● Dataset content:
----

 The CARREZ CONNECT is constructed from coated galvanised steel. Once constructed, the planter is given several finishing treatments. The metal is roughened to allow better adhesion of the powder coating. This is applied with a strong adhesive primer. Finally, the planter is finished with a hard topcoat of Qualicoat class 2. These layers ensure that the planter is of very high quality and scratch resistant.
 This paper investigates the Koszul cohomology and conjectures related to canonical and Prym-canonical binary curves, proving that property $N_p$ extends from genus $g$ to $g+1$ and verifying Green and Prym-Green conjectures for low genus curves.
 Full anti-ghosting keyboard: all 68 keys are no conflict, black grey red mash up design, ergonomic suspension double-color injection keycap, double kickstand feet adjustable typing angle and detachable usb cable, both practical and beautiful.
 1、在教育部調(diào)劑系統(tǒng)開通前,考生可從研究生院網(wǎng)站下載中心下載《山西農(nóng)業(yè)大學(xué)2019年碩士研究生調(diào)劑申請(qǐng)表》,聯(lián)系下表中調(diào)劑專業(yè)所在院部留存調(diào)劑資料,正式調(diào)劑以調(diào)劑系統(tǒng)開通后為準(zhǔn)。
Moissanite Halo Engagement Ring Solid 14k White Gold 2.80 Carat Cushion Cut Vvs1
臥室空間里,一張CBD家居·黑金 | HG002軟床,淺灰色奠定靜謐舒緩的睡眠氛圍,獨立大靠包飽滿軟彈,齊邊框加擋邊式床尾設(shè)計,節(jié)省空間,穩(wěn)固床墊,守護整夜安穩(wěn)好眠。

----

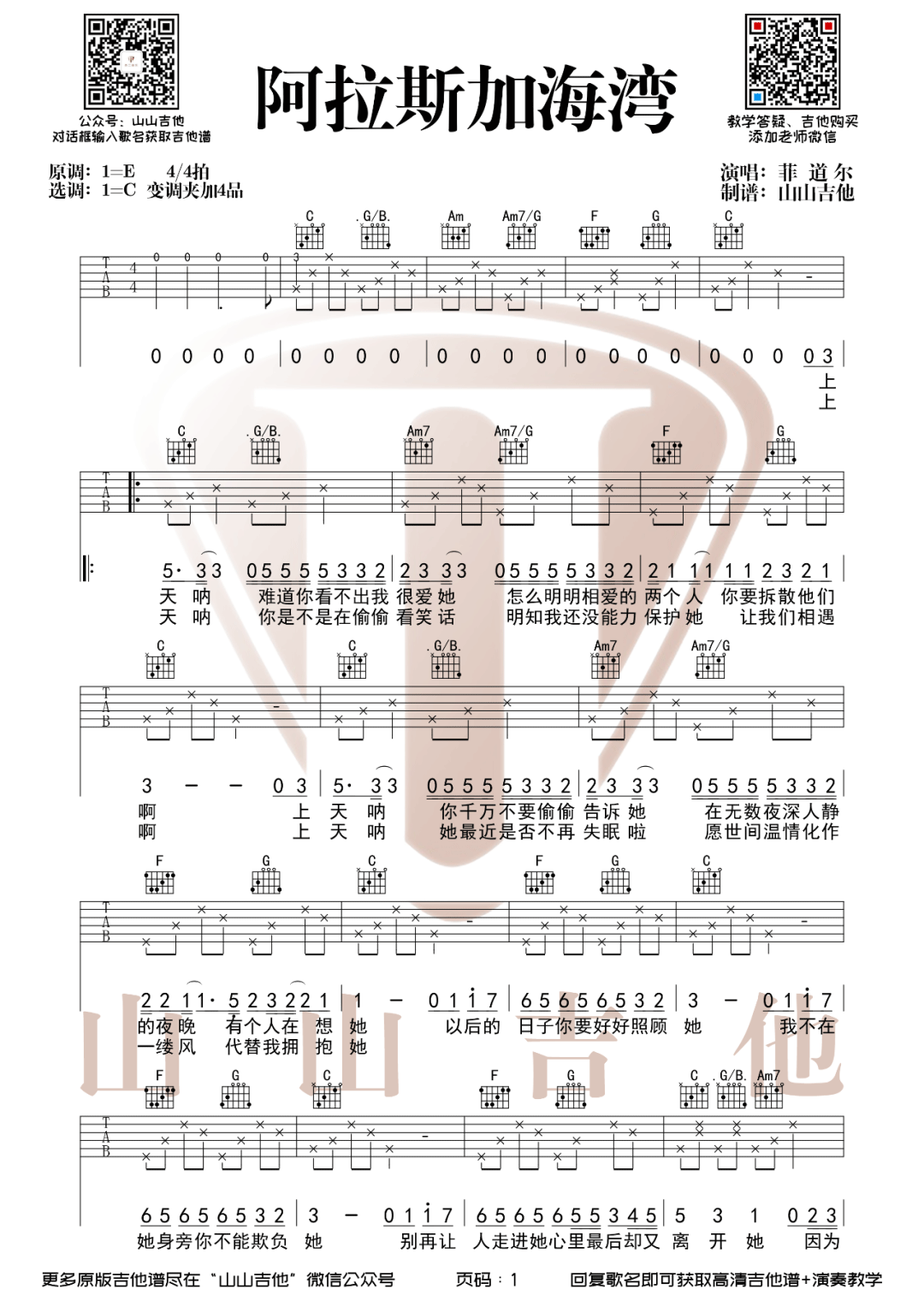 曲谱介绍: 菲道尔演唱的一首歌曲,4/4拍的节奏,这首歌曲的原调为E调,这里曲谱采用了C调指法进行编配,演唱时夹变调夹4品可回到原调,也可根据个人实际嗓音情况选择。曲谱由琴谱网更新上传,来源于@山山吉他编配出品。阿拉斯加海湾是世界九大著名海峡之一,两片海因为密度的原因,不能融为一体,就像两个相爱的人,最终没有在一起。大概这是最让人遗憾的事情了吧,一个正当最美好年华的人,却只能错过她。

----

● Instructions for the task:
The response must hold only the lines above from the line with "The CARREZ CONNECT" through the line with "This paper investigates", each copied exactly, both ends kept.

● Answer box:
 The CARREZ CONNECT is constructed from coated galvanised steel. Once constructed, the planter is given several finishing treatments. The metal is roughened to allow better adhesion of the powder coating. This is applied with a strong adhesive primer. Finally, the planter is finished with a hard topcoat of Qualicoat class 2. These layers ensure that the planter is of very high quality and scratch resistant.
 This paper investigates the Koszul cohomology and conjectures related to canonical and Prym-canonical binary curves, proving that property $N_p$ extends from genus $g$ to $g+1$ and verifying Green and Prym-Green conjectures for low genus curves.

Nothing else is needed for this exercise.